== Requirement ==
Copy each line below exactly as it appears. Pictures are to be omitted.

== Available data ==
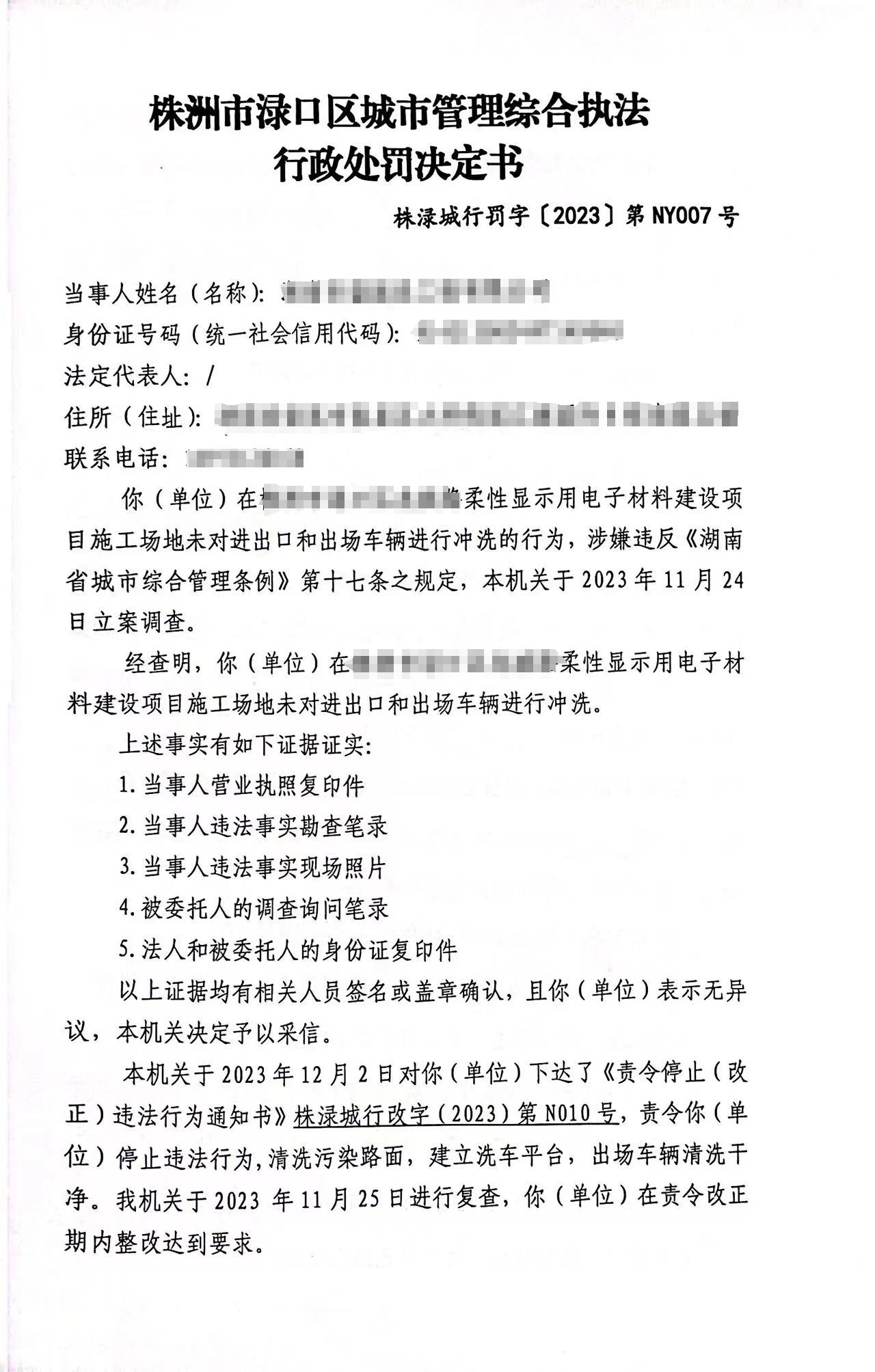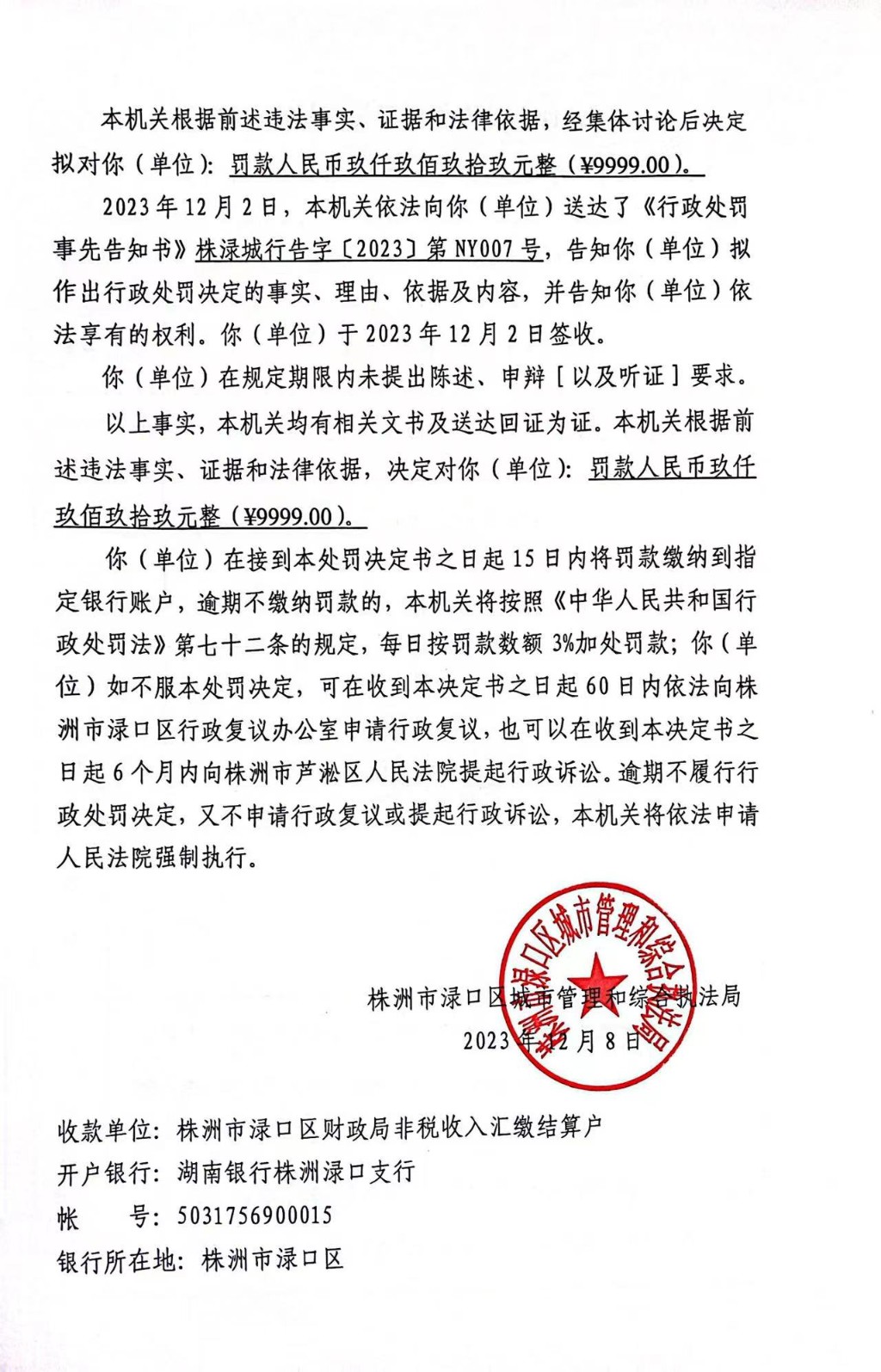 株洲市渌口区城市管理和综合执法局行政处罚决定书 株(渌)城行罚字〔2023〕第NY007号
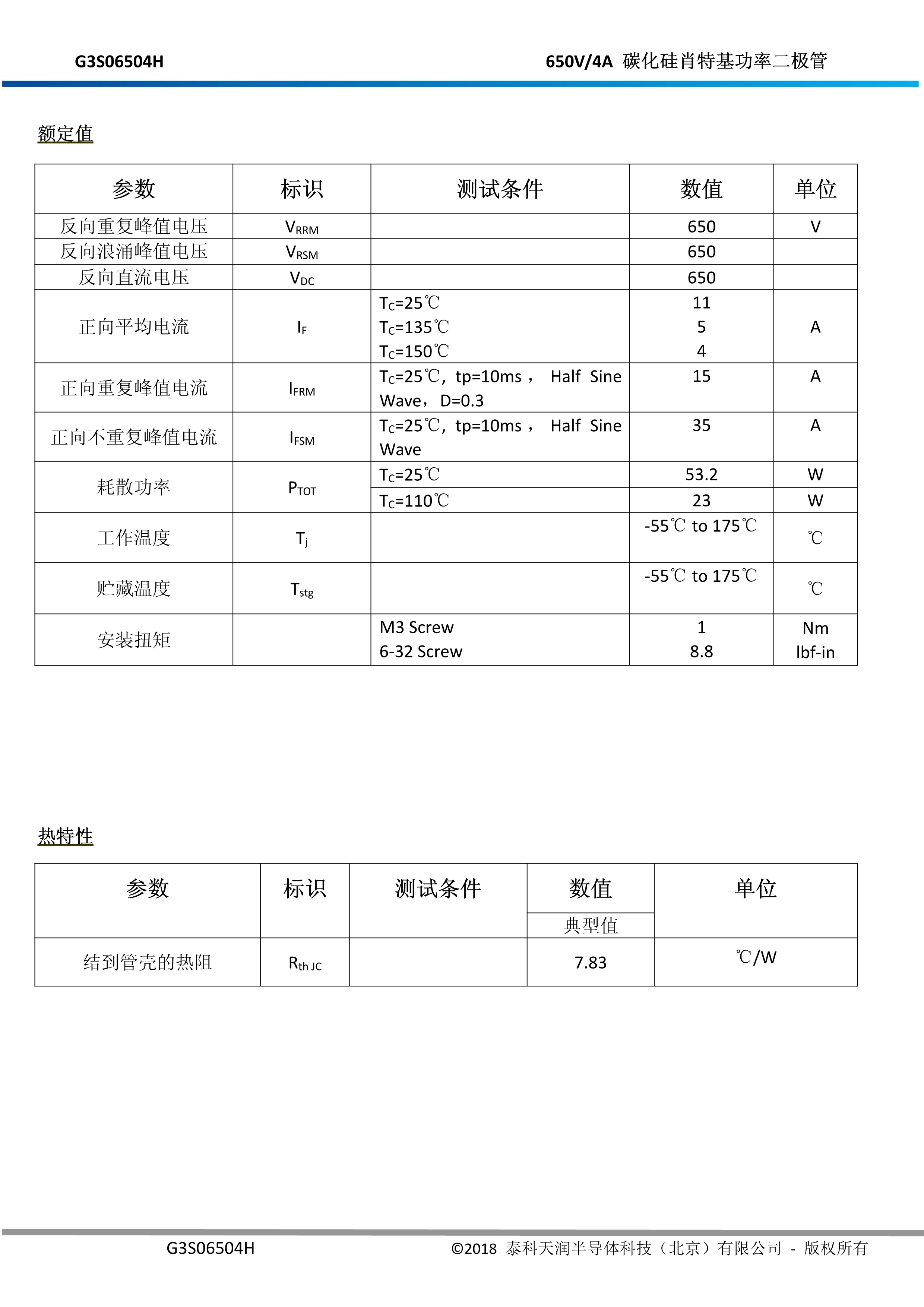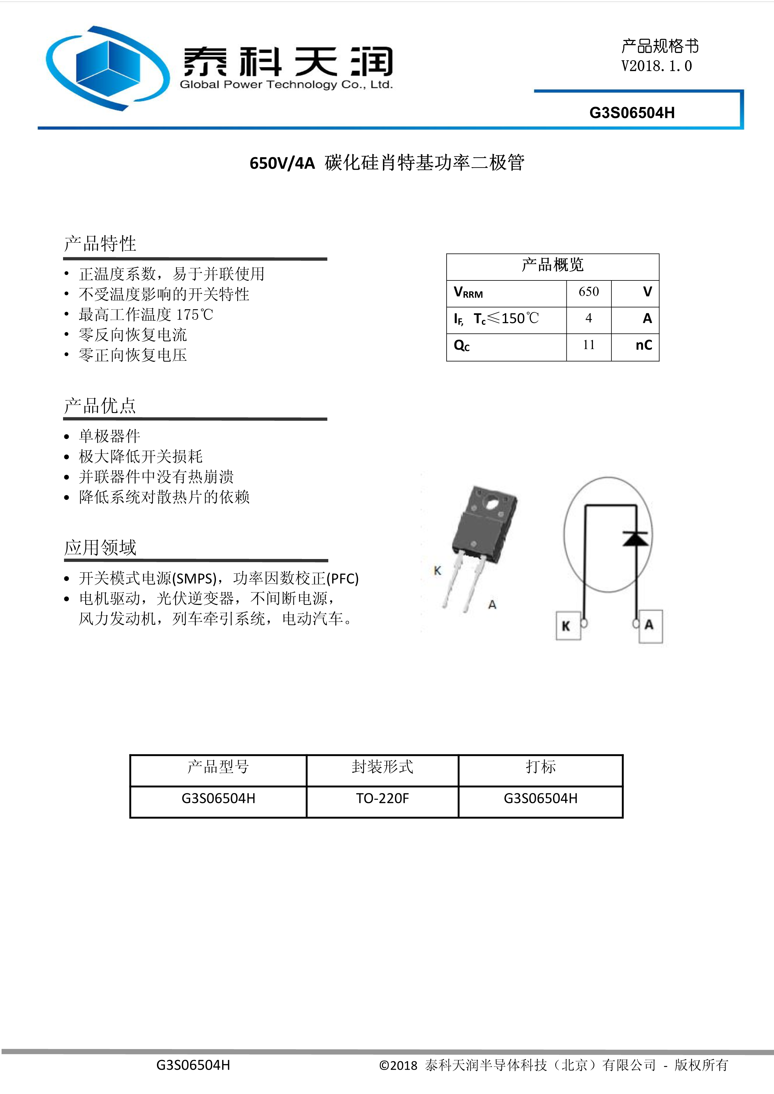 G3S06504H数据手册TO-220封装GPT(泰科天润)PDF规格书,中英文下载
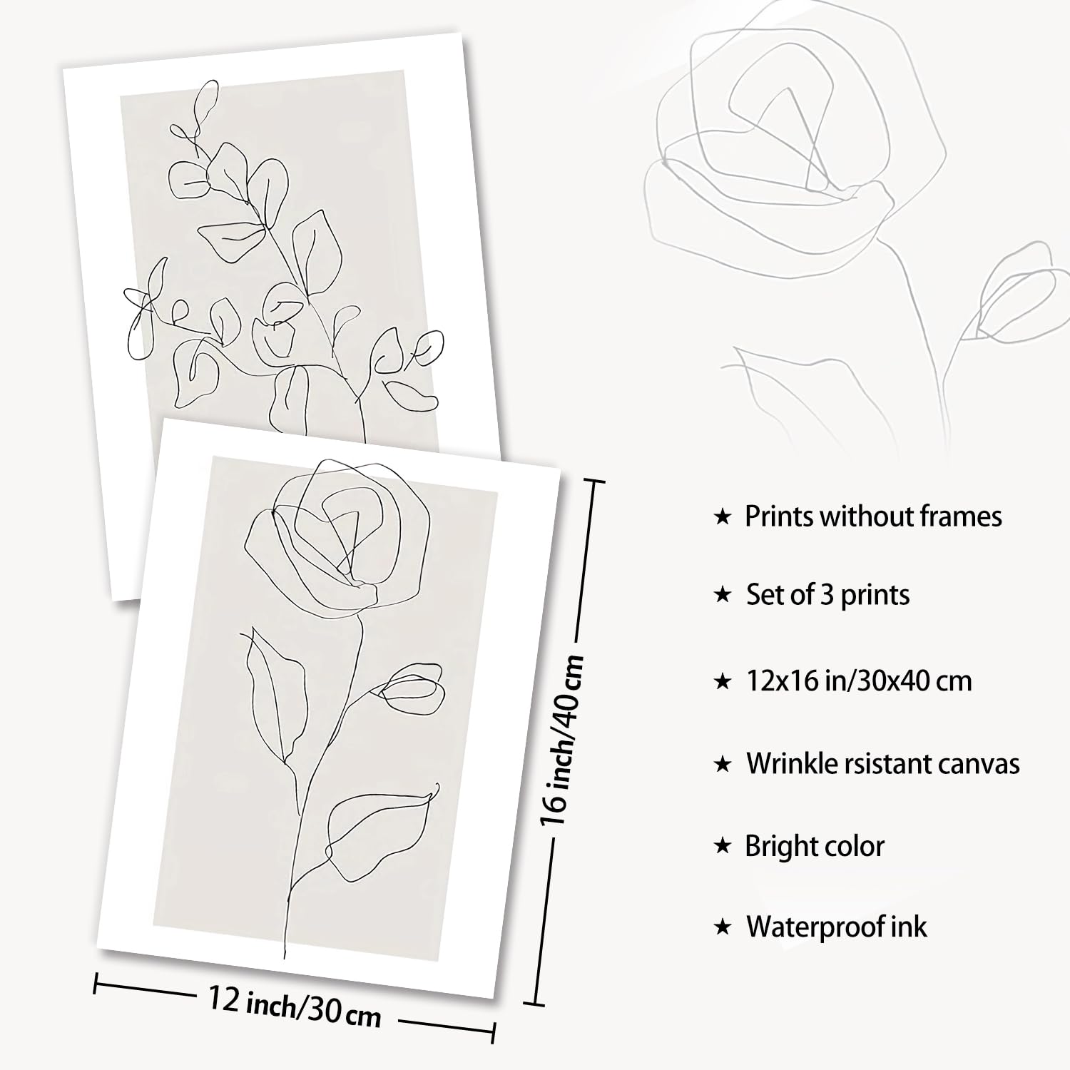 Dazzlewall Abstract Botanical Wall Decor Poster Minimalist Flower Line Wall Poster for Bedroom Living Room Decor 12x16 in Unframed Set of 3

== Result of this exercise ==
 株洲市渌口区城市管理和综合执法局行政处罚决定书 株(渌)城行罚字〔2023〕第NY007号
 G3S06504H数据手册TO-220封装GPT(泰科天润)PDF规格书,中英文下载
 Dazzlewall Abstract Botanical Wall Decor Poster Minimalist Flower Line Wall Poster for Bedroom Living Room Decor 12x16 in Unframed Set of 3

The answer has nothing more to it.